- EXERCISE PROMPT -
Dropping every picture, set down exactly the lines in the entries below, starting with the line with "55 % Lamb meat, 11" and going on through the line with "تنورة قصيرة بكتان وربطات".

+++ EXTRACTED INFORMATION +++

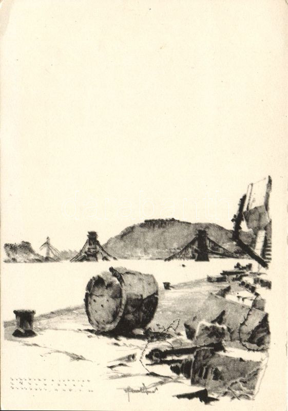 Budai Dunapart a bombázás után https://www.darabanth.com/hu/103-Gyorsarveres/103.0/Kepeslapok/Magyarorszag-Hungary~100147/Budai-Dunapart-a-bombazas-utan~II242771
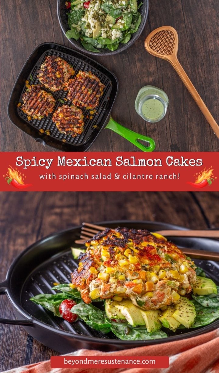 These Spicy Mexican Salmon Patties with Creamy Cilantro-Jalapeño Ranch and Spinach Salad became a “thing” after I regularly relied on an ultra-quick meal of HEB house made salmon patties (Texas grocery chain) atop a simple spinach salad with complementary dressing.
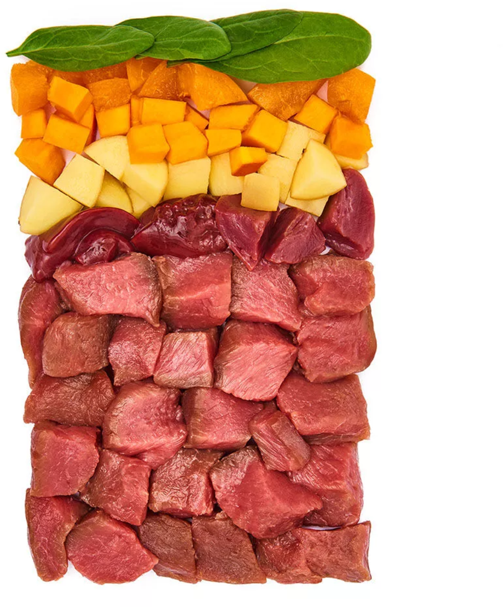 55 % Lamb meat, 11 % Potatoes, 8 % Apricots, 7 % Pumpkin, 7 % Spinach, Potato starch, Minerals, Sunflower oil, Eggshell powder, Seaweed powder, Rosehips, Dandelion leaves, Nettle leaves, Marigold flowers, Watercress
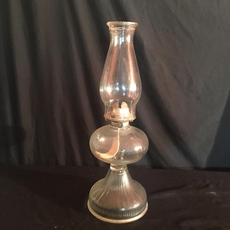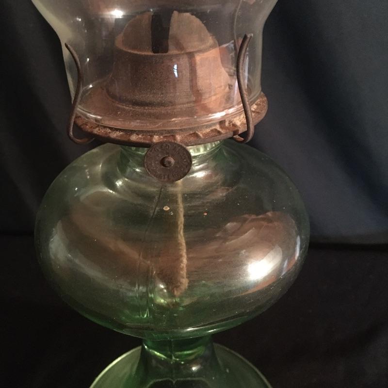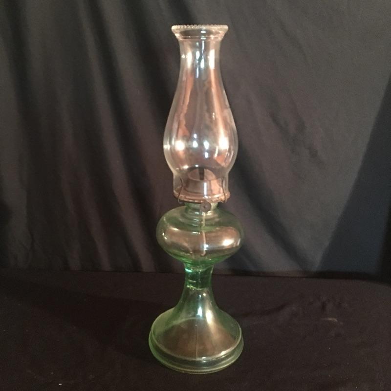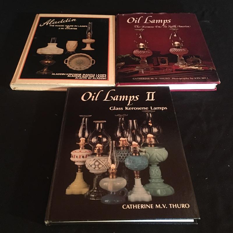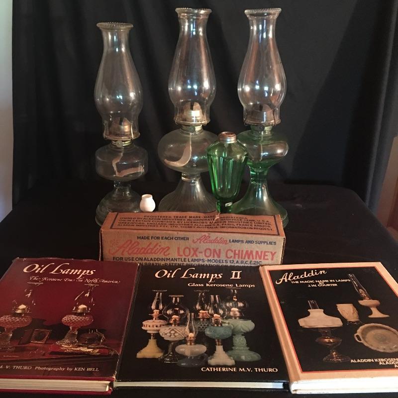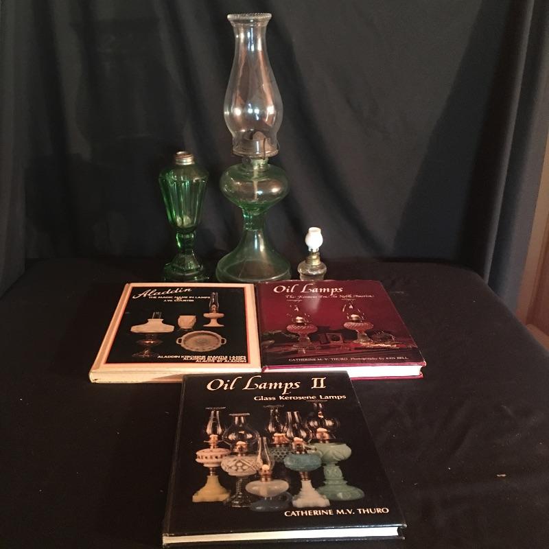 This array of lamps includes a small lamp marked Cressolene Kerosene Vapo Use, two clear glass lamps, two green tinted glass lamps with one missing globe and lamp apparatus, Aladdin glass in box and three books on oil lamps. Tallest lamp measures 6”D x 18” tall
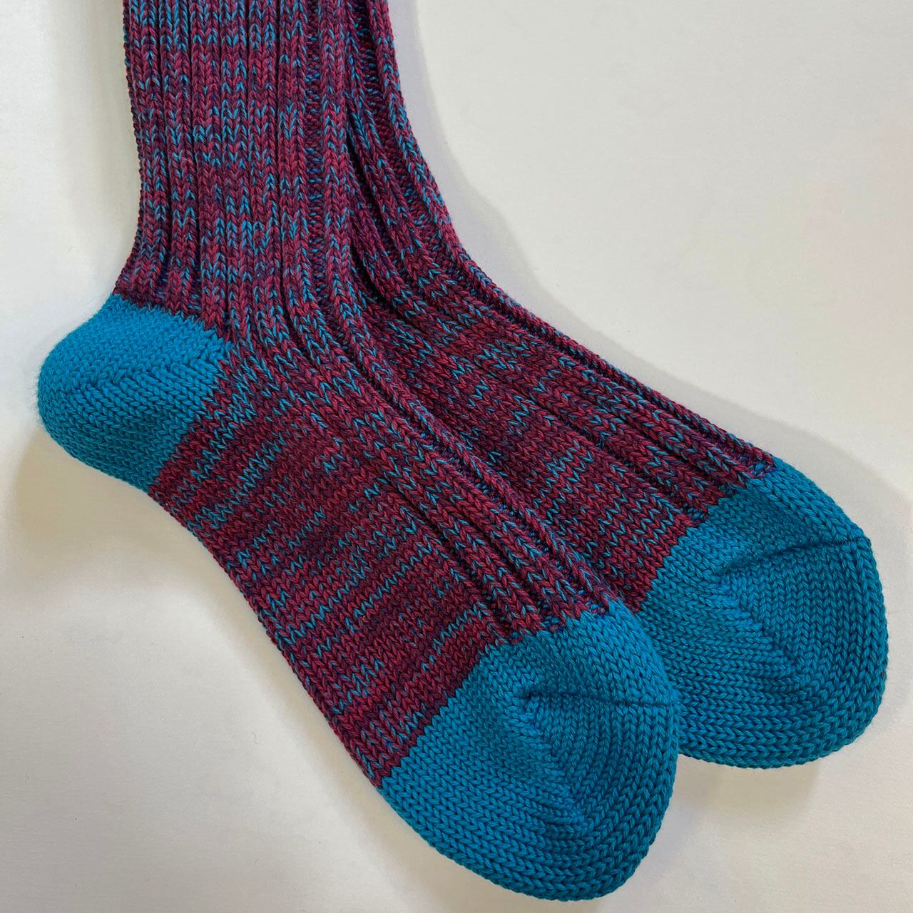 DECKAの定番である Heavyweight Socks を、異なる色の糸を引き揃えて編むことでマルチカラーに作り替えています
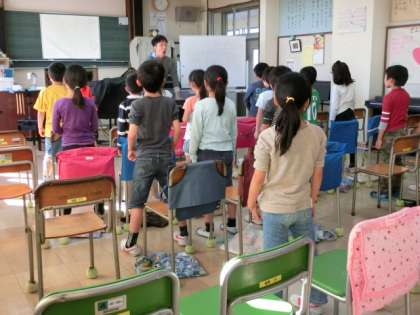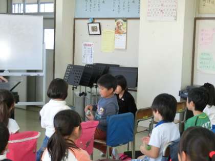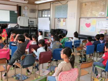 今日の5校時2年3組は、音楽の授業を行いました。ピアノの合図で静かに立ち、「まっかな秋」をとてもきれいに歌っていました。リズムに合わせて友達の名前を読んだり、音楽を聴いて体を動かしたりとても楽しく学んでいました。(240)
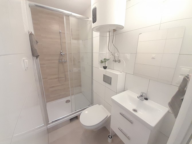Łazienka z WC: kabina prysznicowa, umywalka, szafka, lustro.
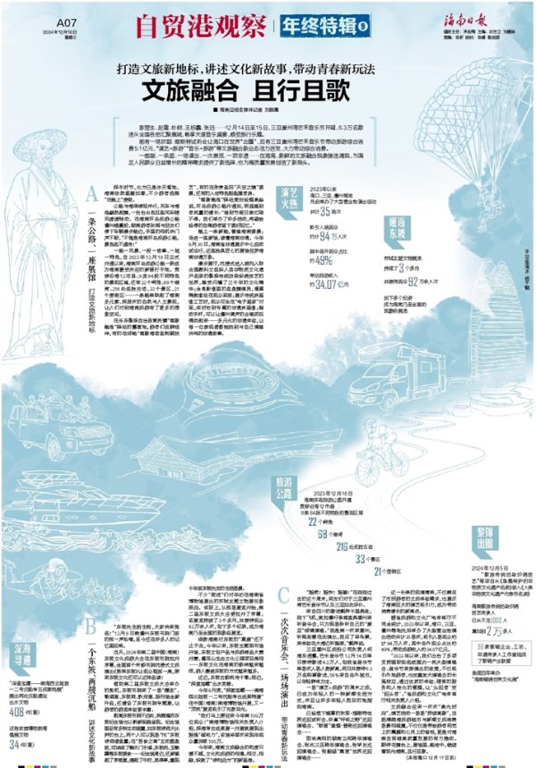 海南日报2024年12月18日第007版版面图 海南日报全媒体记者 刘晓惠 陈楚生、赵雷、朴树、王栎鑫、张远……12月14日至15日,三亚崖州湾芒禾音乐节开唱,6.3万名歌迷从世界各地集聚鹿城,畅享海角音乐盛宴,感受旅行乐趣。 前有一场坎耶·维斯特试听会让海口辞世界“出圈”,后有三亚崖州湾芒禾音乐节带动旅游空洞糜费5.1亿元,“演艺+旅游”“音乐+旅游”等文旅会通新业态活力迸发,放荡带动空洞糜费。 一部剧、一条路、一场上演、一次展览、一项非遗……在海南,新鲜的文旅会通状态接连涌现,为闲散东谈主.
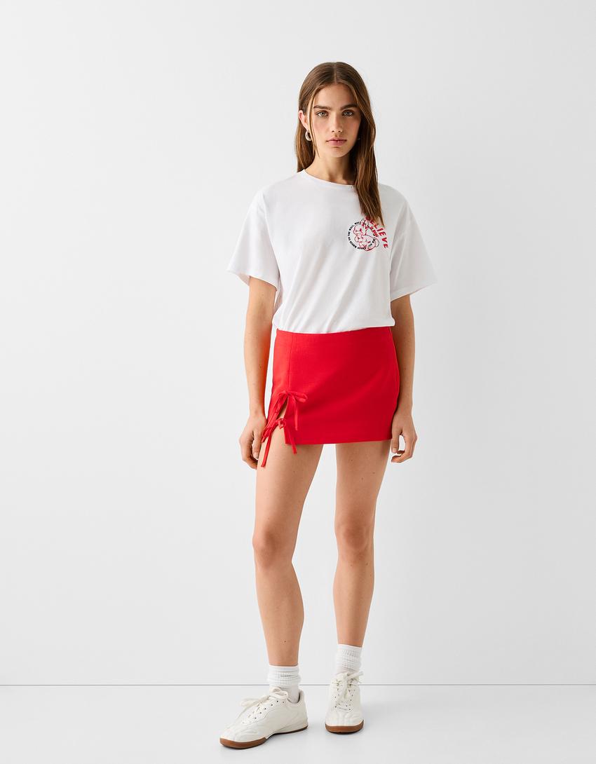 تنورة قصيرة بكتان وربطات
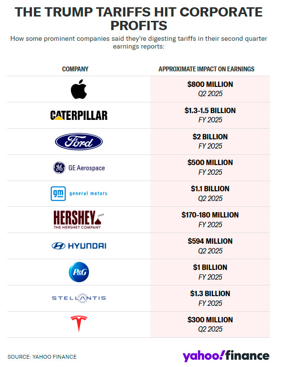 A Yahoo Finance analysis of earnings calls found that tariffs and other aspects of Trump’s trade war are harming profits and forcing price hikes in at least seven of the 11 sectors that comprise the S&P 500 stock index. Four sectors are relatively unscathed: Communication Services (XLC), Financials (XLF), Real Estate (XLRE), Utilities (XLU). Those sectors include 161 of the S&P 500 companies, and they generally involve services not subject to tariffs or are domestic in nature.
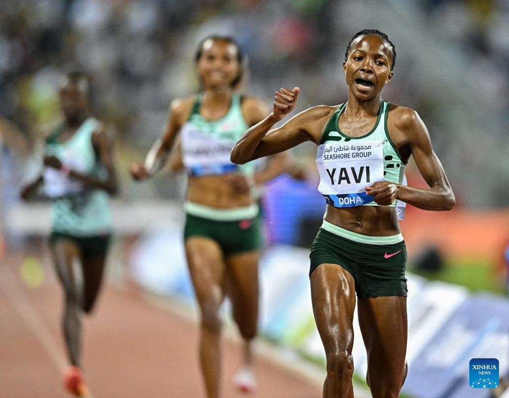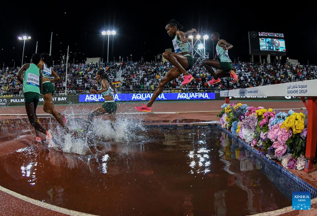 Athletes compete during the women's 3000m Steeplechase race at the 2023 Diamond League athletics meeting at Suhaim bin Hamad Stadium in Doha, capital of Qatar, May 5, 2023. (Photo by Nikku/Xinhua)
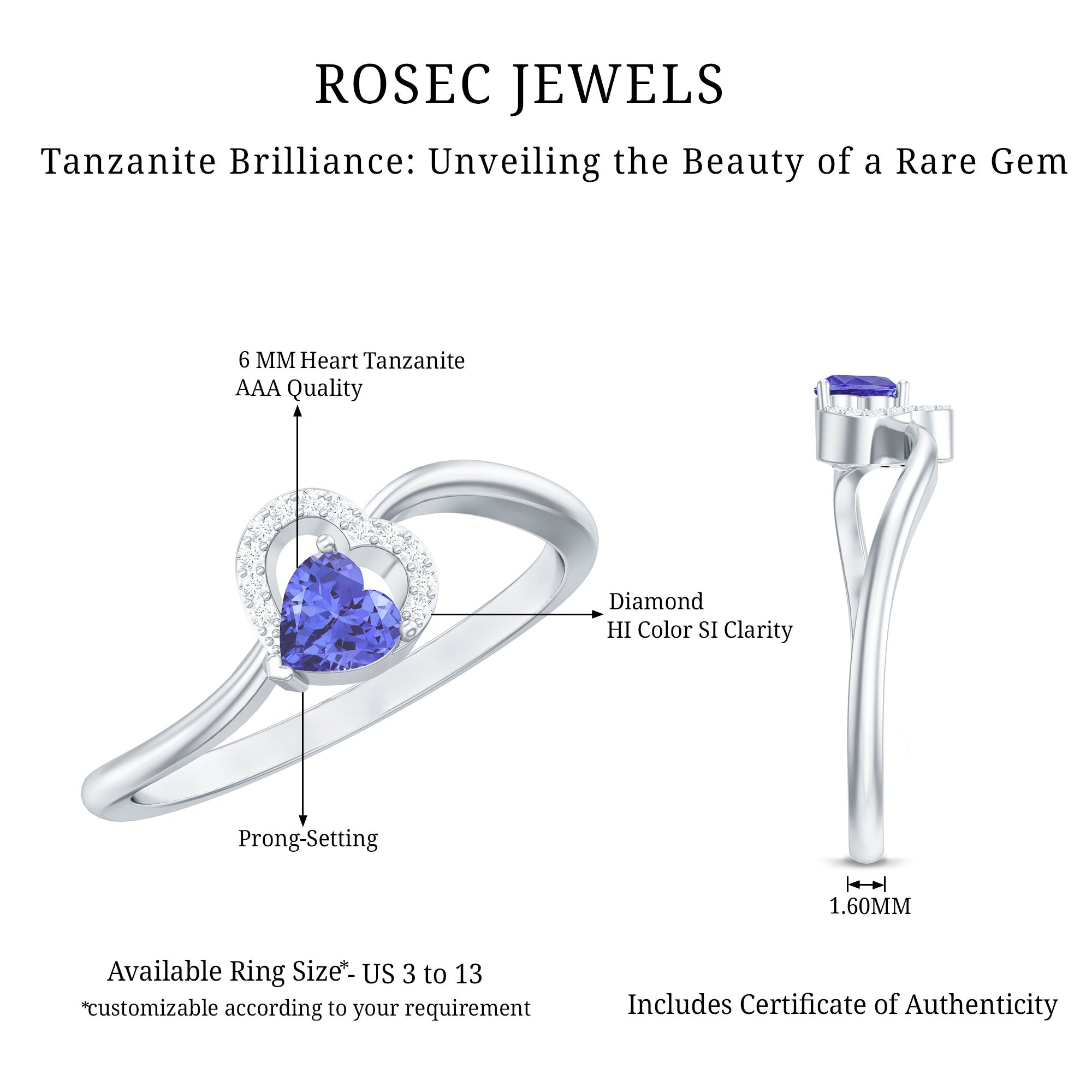 This stunning promise ring features a tilted heart shape tanzanite gemstone at its center, accented by sparkling Diamond stones along the twisted band. The combination of the deep blue tanzanite and the brilliant Diamond creates a striking contrast, making this ring an eye-catching addition to any jewelry collection. Perfect for a promise ring or as a special gift for a loved one, this ring is both elegant and meaningful.

+++

- WRITTEN ANSWER -
 55 % Lamb meat, 11 % Potatoes, 8 % Apricots, 7 % Pumpkin, 7 % Spinach, Potato starch, Minerals, Sunflower oil, Eggshell powder, Seaweed powder, Rosehips, Dandelion leaves, Nettle leaves, Marigold flowers, Watercress
 This array of lamps includes a small lamp marked Cressolene Kerosene Vapo Use, two clear glass lamps, two green tinted glass lamps with one missing globe and lamp apparatus, Aladdin glass in box and three books on oil lamps. Tallest lamp measures 6”D x 18” tall
 DECKAの定番である Heavyweight Socks を、異なる色の糸を引き揃えて編むことでマルチカラーに作り替えています
 今日の5校時2年3組は、音楽の授業を行いました。ピアノの合図で静かに立ち、「まっかな秋」をとてもきれいに歌っていました。リズムに合わせて友達の名前を読んだり、音楽を聴いて体を動かしたりとても楽しく学んでいました。(240)
Łazienka z WC: kabina prysznicowa, umywalka, szafka, lustro.
 海南日报2024年12月18日第007版版面图 海南日报全媒体记者 刘晓惠 陈楚生、赵雷、朴树、王栎鑫、张远……12月14日至15日,三亚崖州湾芒禾音乐节开唱,6.3万名歌迷从世界各地集聚鹿城,畅享海角音乐盛宴,感受旅行乐趣。 前有一场坎耶·维斯特试听会让海口辞世界“出圈”,后有三亚崖州湾芒禾音乐节带动旅游空洞糜费5.1亿元,“演艺+旅游”“音乐+旅游”等文旅会通新业态活力迸发,放荡带动空洞糜费。 一部剧、一条路、一场上演、一次展览、一项非遗……在海南,新鲜的文旅会通状态接连涌现,为闲散东谈主.
 تنورة قصيرة بكتان وربطات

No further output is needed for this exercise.